At December 31, 2005, the Company had future contractual operating lease commitments of $159,000 primarily for its former office and laboratory facilities in North Carolina, for which the Company has accrued the entire amount as a reserve related to future rent costs for its office and laboratory facilities that are no longer in use.

In December 1999, the Company sold its anti-infectives division (“IRL”) to a private pharmaceutical company. The Company remains contingently liable through May 2007 for a lease obligation of approximately $1,387,000 assumed by the purchaser on the former IRL facility in Cranbury, New Jersey. No amounts are recorded in the accompanying financial statements for this contingent liability.
 
Item 2. Management’s Discussion and Analysis of Financial Condition and Results of Operations.

Introduction

Unless otherwise noted, the terms “we,” “our” or “us” refer collectively to Aeolus Pharmaceuticals, Inc. and our wholly owned subsidiary, Aeolus Sciences, Inc.

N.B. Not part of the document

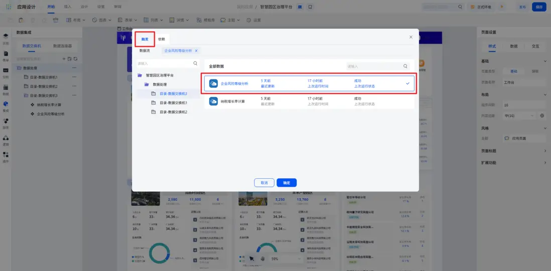 現在已經完成了企業風險等級的分析。我們發現該交換機數據的執行是依賴於前一個交換機輸出的納税增長率資產表,所以在應用配置頁,選中一個交換機開啓觸發依賴,即一旦納税增長率的交換機執行完成後,會立即自動觸發第二個交換機的執行任務,將兩個分析階段無縫銜接,形成一個連貫的自動化管道。

This report contains, in addition to historical information, statements by us with respect to expectations about our business and future results which are “forward-looking” statements under the Private Securities Litigation Reform Act of 1995. These statements and other statements made elsewhere by us or by our representatives, which are identified or qualified by words such as “likely,” “will,” “suggests,” “expects,” “might,” “believe,” “could,” “should,” “may,” “estimates,” “potential,” “predict,” “continue,” “would,” “anticipates,” “plans,” or similar expressions, are based on a number of assumptions that are subject to risks and uncertainties. Such statements include, but are not limited to, those relating to Aeolus’ product candidates, as well as its proprietary technologies and uncertainties and other factors that may cause Aeolus’ actual results to be materially different from historical results or from any results expressed or implied by such forward-looking statements. Important factors that could cause results to differ include risks associated with uncertainties of progress and timing of clinical trials, scientific testing, obtaining regulatory approval, the need to obtain funding for pre-clinical and clinical trails and operations, the scope and validity of intellectual property protection for Aeolus’ product candidates, proprietary technologies and their uses, new accounting and SEC requirements and competition from other biopharmaceutical companies. Certain of these factors and others are more fully described in Aeolus’ filings with the SEC, including, but not limited to, Aeolus’ Annual Report on Form 10-K for the fiscal year ended September 30, 2005. All forward-looking statements are based on information available as of the date hereof, and we do not assume any obligation to update such forward-looking statements. Readers are cautioned not to place undue reliance on these forward-looking statements, which speak only as of the date hereof.

 
12

 
Aeolus Pharmaceuticals, Inc.
 
Operations Summary

We are developing a series of catalytic antioxidant molecules to protect against the damaging effects of reactive oxygen derived molecules, commonly referred to as free radicals. Free radicals cause damage in a broad group of diseases and conditions. Our initial target applications will be the use of our catalytic antioxidants for amyotrophic lateral sclerosis, also known as “ALS” or “Lou Gehrig’s disease,” stroke, Parkinson’s disease and cancer radiation therapy. We have reported positive safety results from a completed Phase I single dose study of AEOL 10150 in patients diagnosed with ALS. In addition, in September 2005, we launched a Phase I multiple dose study of AEOL 10150 in patients diagnosed with ALS. We expect to complete this study by the end of the second quarter of fiscal year 2006. The safety data from these studies could be utilized to support subsequent efficacy studies of AEOL 10150 in ALS, as well as other indications for which the Company has developed preclinical efficacy data.  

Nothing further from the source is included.